▶ [Activity]
Write every record below out exactly; no images.

▶ [Extracted material]
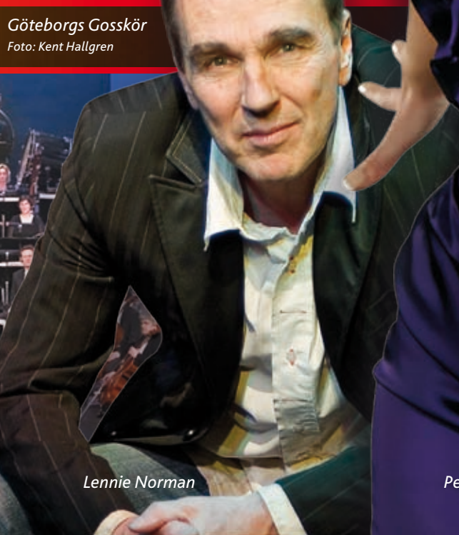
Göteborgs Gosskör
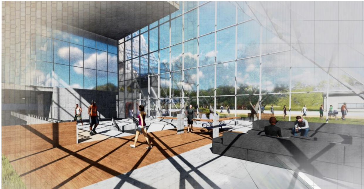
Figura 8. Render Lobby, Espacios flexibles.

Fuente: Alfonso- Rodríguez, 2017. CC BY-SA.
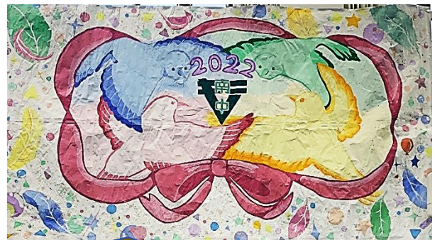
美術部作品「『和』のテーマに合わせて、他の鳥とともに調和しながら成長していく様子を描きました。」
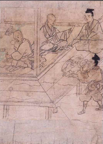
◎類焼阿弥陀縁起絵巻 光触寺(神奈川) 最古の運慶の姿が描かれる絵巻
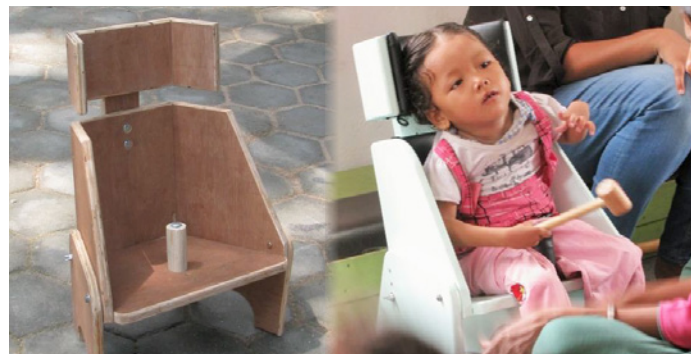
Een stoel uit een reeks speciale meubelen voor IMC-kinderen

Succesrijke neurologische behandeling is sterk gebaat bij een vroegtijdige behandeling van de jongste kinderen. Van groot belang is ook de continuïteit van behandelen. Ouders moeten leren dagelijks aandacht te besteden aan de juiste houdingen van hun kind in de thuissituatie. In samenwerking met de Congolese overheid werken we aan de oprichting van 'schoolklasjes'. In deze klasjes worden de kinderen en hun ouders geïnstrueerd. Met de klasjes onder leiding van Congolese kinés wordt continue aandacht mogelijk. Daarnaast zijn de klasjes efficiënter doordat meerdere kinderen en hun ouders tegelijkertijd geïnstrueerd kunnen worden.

▶ [Response]
Göteborgs Gosskör
Figura 8. Render Lobby, Espacios flexibles.

Fuente: Alfonso- Rodríguez, 2017. CC BY-SA.
美術部作品「『和』のテーマに合わせて、他の鳥とともに調和しながら成長していく様子を描きました。」
◎類焼阿弥陀縁起絵巻 光触寺(神奈川) 最古の運慶の姿が描かれる絵巻
Een stoel uit een reeks speciale meubelen voor IMC-kinderen

Succesrijke neurologische behandeling is sterk gebaat bij een vroegtijdige behandeling van de jongste kinderen. Van groot belang is ook de continuïteit van behandelen. Ouders moeten leren dagelijks aandacht te besteden aan de juiste houdingen van hun kind in de thuissituatie. In samenwerking met de Congolese overheid werken we aan de oprichting van 'schoolklasjes'. In deze klasjes worden de kinderen en hun ouders geïnstrueerd. Met de klasjes onder leiding van Congolese kinés wordt continue aandacht mogelijk. Daarnaast zijn de klasjes efficiënter doordat meerdere kinderen en hun ouders tegelijkertijd geïnstrueerd kunnen worden.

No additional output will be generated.